In 2012, the ENCODE project published the results of an enormous effort to characterize every functional element encoded by the human genome. Surprisingly, they detected measurable biochemical activities for ~75% of the human genome, much more than the <10% that had been estimated to be under evolutionary selection. This caused debate to erupt over which value is correct. Ultimately, in a sense they both are: the 75% value is based on a “Causal Role” (CR) definition of function that describes a trait’s mechanism but not its evolutionary history, and the <10% value arises from a different “Selected Effect” (SE) definition of function that describes an adaptive trait’s evolutionary history.

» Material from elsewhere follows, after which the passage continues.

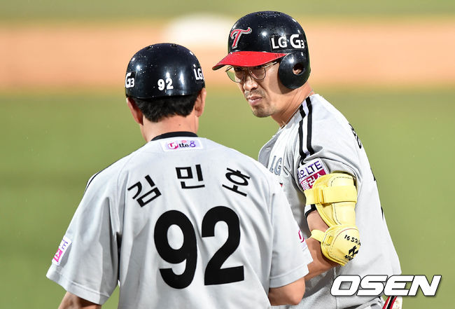 3회초 1사 1,3루에서 LG 정성훈이 우중간을 가르는 적시타를 치고 김민호 코치와 하이파이비를 하고 있다.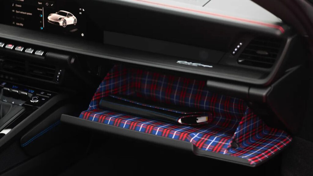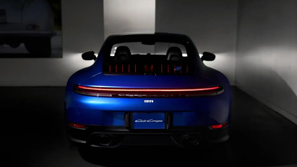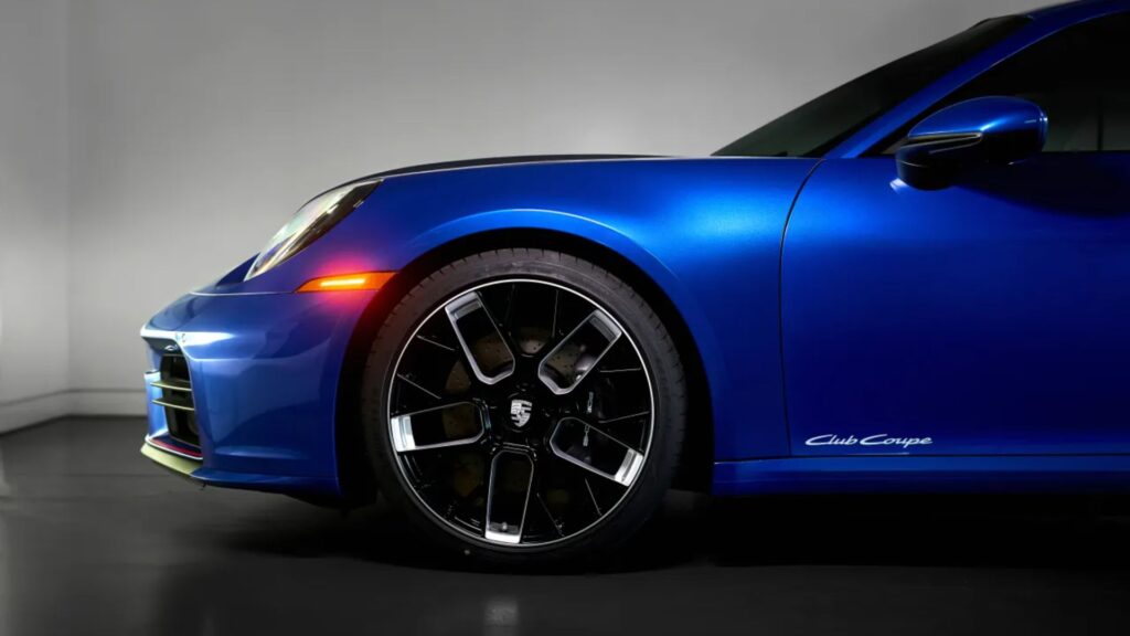 The model debuts in a custom Paint-to-Sample finish called Sholar Blue, named after PCA founder Bill Sholar. That hue extends to the car’s key, which comes with a matching leather pouch. Inside, the Club Coupe features black leather upholstery with red seat belts and optional tartan inserts for the seat centers and glovebox. Door-mounted projectors beam the PCA logo onto the ground.

Because these two definitions of function describe two different things (mechanism vs. selection), it is not surprising that each group of researchers used different experiments to obtain different values for how much of the human genome is functional. Unfortunately, the ENCODE authors inappropriately claimed that their new CR estimate of function superseded the older SE estimate, generating strong push back from evolutionary biologists.
This debate is an example of how two different philosophical approaches can give two different answers to the same question based on the unique measurements demanded by each approach. Unfortunately, confusing these approaches led to ambiguity that could (and probably should) have been avoided by a broader appreciation of the philosophical issues at play. Might similar situations exist in microbiology? I suggest that the answer is yes, and in my recent Nature Microbiology Perspective nominate the debate surrounding the meaning and relevance of the “holobiont” as an example where different philosophical approaches to describe the importance host-microbe relationships have led to different explanatory models that can be easily confused and misunderstood.
Much ink has now been spilled advocating for each of two types of model to describe host-microbe symbioses. The first uses a CR functional approach to define the holobiont as a single system that includes both the host and its microbial symbionts, emphasizing the phenotypic effects of altering one or both partners. This CR approach builds on a long history of defining microbial function based on experimental manipulations. In contrast, SE approach to microbiome function emphasizes the that a host and its symbionts are also individuals, and how evolutionary models that consider both partners as a single unit of selection have several theoretical difficulties. Both of these perspectives have attracted considerable support within the microbiology community, although though when either should be preferred over the other remains contentious.
My hope is that this Nature Microbiology Perspective clarifies the utility of both CR and SE approaches to defining function in host-microbe relationships. This work grew primarily out of my desire to reconcile my own agreement with many aspects of both approaches. I also hope that this work inspires new tests of host and symbiont evolution that: (1) explicitly measure selection over multiple generations; (2) study traits instead of just microbiome composition; (3) disambiguate direct and indirect modes of selection; and (4) do not emphasize a particular level of selection without differentiating selection acting at that level from selection acting more directly at another level. In the meantime, microbiologists may need to follow other fields that primarily use CR definitions of function due to the complexity of microbiome systems, unless an SE function can be supported by explicit and unambiguous measurements of direct selection.